Буксуя в сыпком снегу, «санитарка» проползла мимо, подмигнула мне красным глазом стоп-сигнала и исчезла в густой метели. Снова кого-то из наших сельчан повезли в те бараки. Возят и возят — конца-краю не видно.
Хату дяди Андрея сожгли немцы. Теперь тетя Марина с детьми живет у золовки. Малышни, как и у нас, полная печь. Не успел я дверью скрипнуть, как они, что стрижи, повысовывали головы из-за трубы: у золовкиных — чернявые, у теткиных — как лен.
Тетин самый младший, Коля, спросил:
— Ну что, привез батьку?
— Привез, — ответил я и стал топать тяжелыми дядиными валенками, чтобы сбить снег.
В печи полыхает пламя, его длинные языки скачут прямо в трубу — варится поминальный обед. Увидев меня, тетя бросила ухват в угол и всплеснула руками:
— А мой же ты племянничек дорогой, а мой же ты хлопчик золотой!
Она бросилась помогать мне расстегивать пуговицы на свитке, которые с мороза никак не хотели пролезать в петли. И все твердила, словно оправдываясь:
— Нагоревался, бедняжка. Да что ж, коли этот дядька затеял помирать в самое лихолетье… — И вдруг снова запричитала: — Андрейка, мой соловейка, на кого же ты нас покинул?..
Тут и малыши на печи, как по команде, заревели все вместе — и тетины, и золовкины. Сама золовка, высокая и худая женщина, побежала во двор распрягать Буянчика. Слышно, как она там тоже голосит над братом. Одна моя бабушка спокойна, строга и рассудительна. Она сидит подле кровати, где мечутся в жару двое Марининых ребят, и говорит:
— Брось, Марина, сердце рвать. О-о-ох, девка, еще наплачешься. Пока придут бабы Андрея обряжать, покормила бы лучше хлопца. И капни ему там в чарку. Видишь как человек колотится?
Я ушам своим не поверил — человек! Ой, что-то в лесу большое сдохло, если бабушка назвала меня человеком. Обычно я для нее идол, антихрист и безотцовщина. А тут — человек.
— Пей, глупый, пей, — уговаривает меня тетя. — Это я для мужиков расстаралась, что могилу копают. И ты согрей нутро.
Хата поплыла в глазах. Кружится потолок, миска с перловым супом на столе, кружится печь и тетя с рогачом возле печи, кружится богородица с лампадкой.
— Ешь, племянник, досыта ешь. Хочешь, еще подолью? Ты не гляди на них, — кивает тетя на притихших ребятишек, — они не голодные.
И мне стало как-то легко и весело. А тут еще тетя подливает масла в огонь:
— Ах ты, мужчинка наш! Ах ты, дитятко мое дорогое!
А что, я такой, я все могу. Я сильный, я смелый, я смекалистый! Это не я хвастаюсь, это сам язык хвастает:
— Веревка — хлоп, а я взял и… связал.
— Неужто сам связал?
— А кто же еще. Я что хочешь свяжу… Я…
…Припекают снизу горячие кирпичи, шумит в ушах ветер, кружит в глазах снег.

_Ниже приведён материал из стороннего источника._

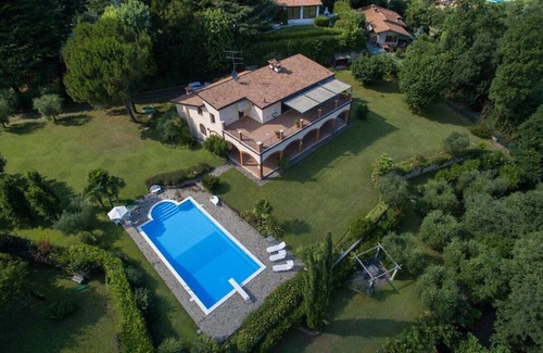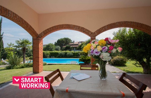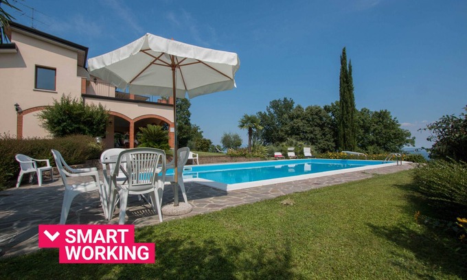 Apartment on the ground floor of a villa with furnished porch to eat in the open-air, garden, shared pool and wonderful view over the lake and the castle, in Soiano del Lago.Located on the ground floor of a villa, the apartment stands out for the large size of the living room, the porch and the bedrooms.The living room has a fireplace, a relaxation area with TV from which German and French channels can also be seen, and a table for 6 people; the living room overlooks the large and bright porch complete with a wooden table, from which you can enjoy a beautiful view of the hills and the lake. The independent and air-conditioned kitchen is equipped with gas stove and all cooking utensils: refrigerator, dishwasher, oven, American coffee machine and toaster. The sleeping area, well separated from the rest of the house, consists of three bedrooms and two bathrooms: 2 double bedrooms complete with large wardrobes, 1 bedroom with single beds and a cot for small children; the first bathroom with shower, toilet and bidet and the second with bathtub, toilet and bidet.On the outside, inside the large green park, there's the large swimming pool from which you can enjoy a splendid view of the lake and the castle.*The apartment is located on the ground floor but a four-step ramp is required to reach it.*Upon arrival or a few days before arrival it may be required to pay a tourist tax, which varies according to local regulations. You will find your reservation details within the Guest Area of Wonderful Italy.We also offer to our guests truly authentic experiences to live like a local. If interested, contact us and we will be more than happy to help you out designing an unforgettable holiday to discover Italian beauties.Soiano del Lago, an enchanting town near Lake Garda on the Brescia side, takes its name from "Solis ianua" (literally “Gateway of the Sun”) which is enough to define the characteristics of this small village in Valtenesi, rich in vineyards and olive trees surrounded the green of the hills. In Soiano del Lago, the Castle dating back to the 10th century is definitely worth a visit, as it is also the site of events during the summer. To visit nearby, there is Moniga del Garda with its splendid beaches and Castle of Padenghe.For guests who prefer a relaxing trip, it is possible to reach Salò and take a boat to visit the lake while sailing.The hinterland of Soiano del Lago offers quiet places surrounded by the typical olive trees of the Valtenesi area, on Lake Garda, where tourists can take part to tastings and stop at local restaurants to taste the typical "spiedo bresciano" (meat and potatoes slowly cooked on a revolving spit).The apartment is located about 40 km from the Verona airport and 10 km from the Desenzano railway station.

— Дядина шапка не потерялась?
— Спи-спи, цела шапка, — успокаивает меня бабушкин голос.
— Их Черчиль не дурак в пекло лезть. Он на Ивановом горбу хочет…
— Спи уже, Черчиль!..
Как хоронили дядю, я не видел — проспал. Просыпаюсь — надо мною капитан в очках, а солдат тащит в хату носилки.
Кащеи-ухажеры
За окном солнце. За окном разошлись-раскричались воробьи. А здесь душно и отвратительно пахнет карболовкой. На соседней койке неподвижно лежит мужчина с восковым лицом. Его обступили врачи и сестры. Они о чем-то тихо говорят, а о чем — не разберешь. Вроде бы и не по-нашему. Когда все двинулись дальше, одна медсестра наклонилась и простыней накрыла моего соседа с головой.